2. Those who think that their organization is doing
good, but that they are more or less superfluous and
are sorry about it ("Too much bureaucracy"). This is
the second largest category.
3. Burnt out 2s who regard themselves as superfluous
and are cynical about it but still approve of their
agency's mission ("I'm just in it for me").
4. Burnt further out 2s who are so cynical that they
do not care whether they are superfluous.
5. Those who are more cynical yet and do not care
whether their agency is on the whole doing good. Most
of these are burn-outs; here is where the power-hungry
types, who were probably that way before they came to
work for the government, fit in.
6. Those who realize that their agency is doing harm
and try to reform it from within (lots of them came in
with Reagan--I'm speaking of the Federal government
now).
7. Reformers who are burnt out.
8. The total cynics, like Fred Kinnon in _Atlas
Shrugged_ (never say Ayn Rand had no sense of humor),
fully understand that their agency is doing harm and
try to increase their power. These are very, very few,
as Kinnon was unique in _Atlas Shrugged_. This is the
second smallest category.
9. The malicious. Fewer than _Atlas Shrugged_ would
have you believe. I think it is the smallest category,
for the world of _Atlas Shrugged_ has not come about.

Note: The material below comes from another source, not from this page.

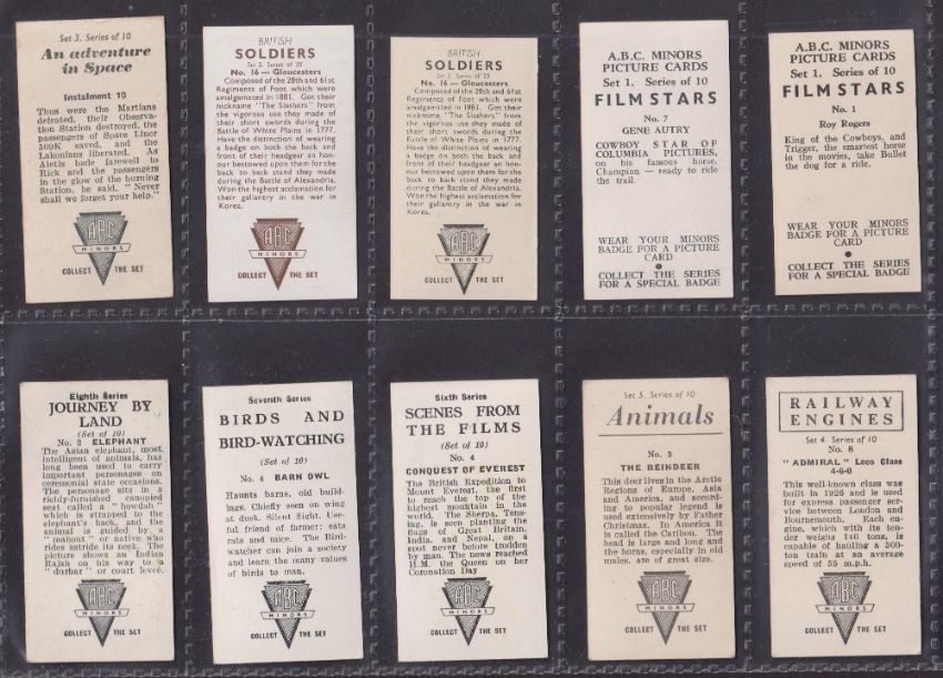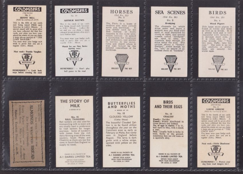 Trade cards, a collection of 103 type cards, all from issuers with the initial 'A' inc. ABC Cinemas, A-1 Dairies, P.A. Adolph, Arrow Confectionery, All-British Tea, Samuel Allen, Alma Confectionery, Amalgamated Press, Amaran Tea etc, some scarce series noted (mostly gd/vg)
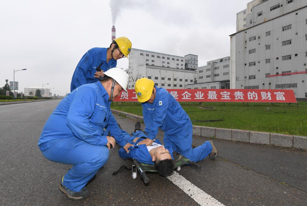此次演练模拟气化装置区2名现场操作工在现场巡检时,发生煤气泄漏,造成一名操作工中毒,同时引发火灾。另一名操作工向班长汇报,班长向生产调度和装置负责人汇报后,马上组织现场救治。调度经现场确认,迅速向园区医疗救护站和园区消防队报警,应急指挥中心对现场危害程度做出判断后,向公司应急总指挥汇报了现场情况,接到指命后迅速展开应急救援。整个演练各项环节紧扣,应急处理得当,符合应急响应流程。经过1小时零5分紧张有序救援,中毒人员得到及时救治,火灾扑灭。

Of course there is a tremendous amount of blanking
out. I can testify to all this because I myself am one
of these prudent predators, somewhere between a 6 and
a 7. I cannot say one way or the other what the net
psychological damage has been. I shall have gone
through life without really knowing the feeling of
being productive. On the other hand, the work is not
too demanding--those who do no work at all are almost
always just parked in a corner and ignored--and so I
have been able to do an incredible amount of reading
in a vast variety of fields. It has resulted in a
book, _The Metaphysics of Liberty_, which was almost
totally ignored by the same academia that ignores Ayn
Rand and Mario Bunge. It may result in further and
better syntheses. I will be proud of them, no matter
what the rest of the world thinks. I don't think I
would have come up with the ideas I have had I become
a college professor, which is what I most wanted to
do. I would have had to have worked much harder
meeting the requirements of being a professor than
getting by in the bureaucracy. I also cannot say how
much guilt I have suffered; it varies too much with my
mood. The upshot is that I do not know whether my
Prudent Predation has paid off. (Had Betsy Speicher
been my mother, the answer would be no!)

V. BACK TO THE DEFINITION OF RIGHTS

I am not sure that the apparent hundreds of thousands,
if not millions, of government predators are really
paying too high a price. There is the fact that the
risk of alcoholism and other disorders is greater in
the D.C. area than the rest of the nation. And the
level of cynicism I observe is not a good sign that
being a government predator is worth it.

However this may be, those who directly and coercively
violate rights certainly pay a higher price
psychologically. In this sense, it is more likely to
be the case that it is not in one's long-run interest
to violate rights. To answer David's specific question
("In a situation where you can benefit yourself by
violating rights, for example by stealing a very large
sum of money with very little chance of being
detected, should you do so?") by saying that I do not
know and definitely not in every possible case.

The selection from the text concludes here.